** Task **
Using the entries below, copy exactly each line from the line with "本日は、朝の見守りの後、43" up to and including the line with "9. 如图6所示为一条形磁体", with every picture left out.

** Supplied material **

------------------------------------------------------------------------

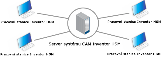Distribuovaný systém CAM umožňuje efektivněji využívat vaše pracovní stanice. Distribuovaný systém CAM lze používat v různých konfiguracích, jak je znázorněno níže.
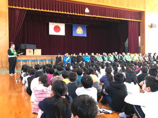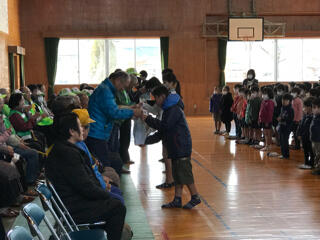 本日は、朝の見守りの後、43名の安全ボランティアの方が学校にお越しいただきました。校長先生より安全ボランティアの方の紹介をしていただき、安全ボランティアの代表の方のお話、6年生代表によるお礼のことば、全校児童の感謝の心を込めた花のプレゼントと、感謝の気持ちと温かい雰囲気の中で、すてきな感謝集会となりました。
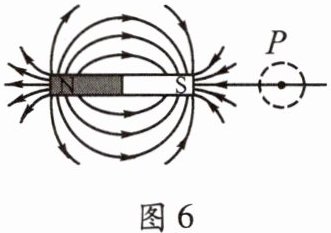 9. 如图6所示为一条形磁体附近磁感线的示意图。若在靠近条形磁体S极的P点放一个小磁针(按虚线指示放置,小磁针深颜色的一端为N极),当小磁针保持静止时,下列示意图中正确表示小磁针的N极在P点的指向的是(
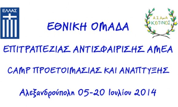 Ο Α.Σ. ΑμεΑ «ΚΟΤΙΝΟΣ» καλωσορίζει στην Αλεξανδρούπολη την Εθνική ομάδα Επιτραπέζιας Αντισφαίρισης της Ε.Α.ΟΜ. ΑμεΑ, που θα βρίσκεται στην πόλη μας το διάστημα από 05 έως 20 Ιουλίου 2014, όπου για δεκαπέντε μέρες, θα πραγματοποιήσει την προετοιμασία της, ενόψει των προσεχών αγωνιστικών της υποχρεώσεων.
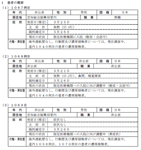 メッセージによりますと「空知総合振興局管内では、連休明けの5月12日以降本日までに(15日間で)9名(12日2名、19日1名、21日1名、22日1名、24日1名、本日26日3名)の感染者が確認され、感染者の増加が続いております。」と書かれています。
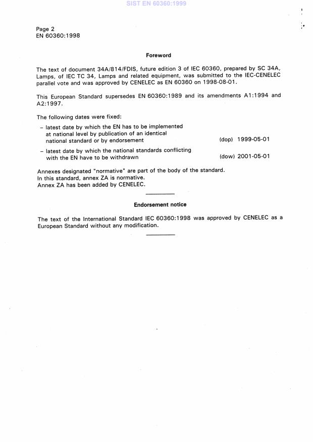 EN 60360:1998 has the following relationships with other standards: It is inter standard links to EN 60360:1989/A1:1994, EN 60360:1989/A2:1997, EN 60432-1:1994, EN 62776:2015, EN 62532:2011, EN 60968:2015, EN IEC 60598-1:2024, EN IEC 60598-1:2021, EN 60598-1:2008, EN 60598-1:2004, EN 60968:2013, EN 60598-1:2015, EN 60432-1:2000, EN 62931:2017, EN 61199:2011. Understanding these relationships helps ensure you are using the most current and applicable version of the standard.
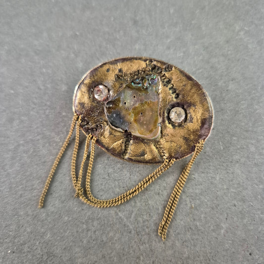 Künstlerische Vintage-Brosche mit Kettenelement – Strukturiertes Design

------------------------------------------------------------------------

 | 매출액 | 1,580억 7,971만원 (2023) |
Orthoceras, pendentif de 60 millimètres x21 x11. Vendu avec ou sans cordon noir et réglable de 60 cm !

------------------------------------------------------------------------

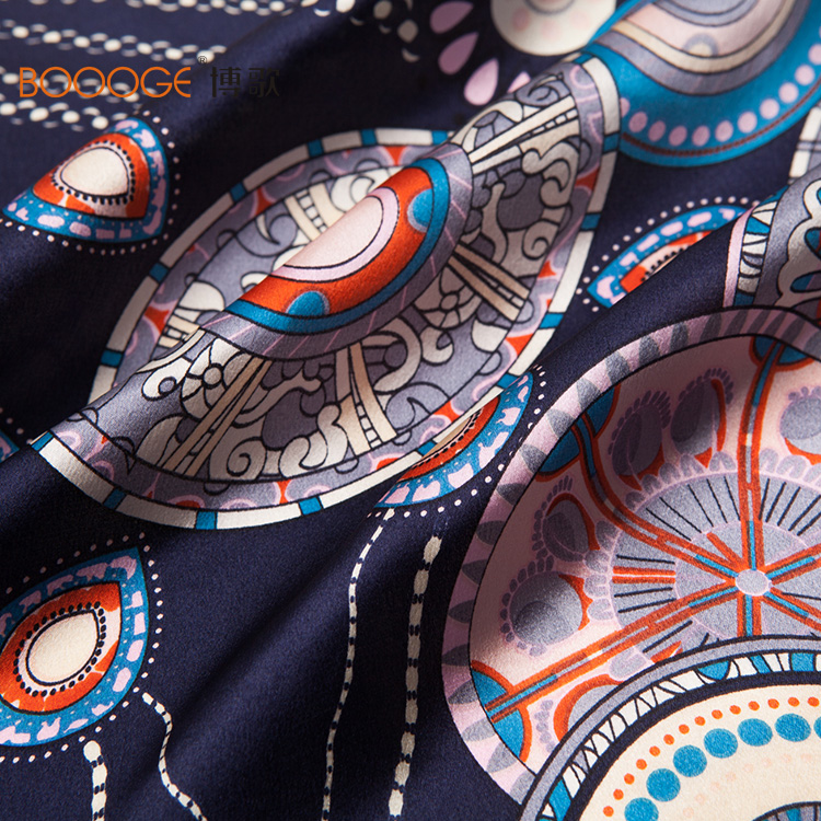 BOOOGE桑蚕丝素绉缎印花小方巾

------------------------------------------------------------------------

** Your solution **
 本日は、朝の見守りの後、43名の安全ボランティアの方が学校にお越しいただきました。校長先生より安全ボランティアの方の紹介をしていただき、安全ボランティアの代表の方のお話、6年生代表によるお礼のことば、全校児童の感謝の心を込めた花のプレゼントと、感謝の気持ちと温かい雰囲気の中で、すてきな感謝集会となりました。
 9. 如图6所示为一条形磁体附近磁感线的示意图。若在靠近条形磁体S极的P点放一个小磁针(按虚线指示放置,小磁针深颜色的一端为N极),当小磁针保持静止时,下列示意图中正确表示小磁针的N极在P点的指向的是(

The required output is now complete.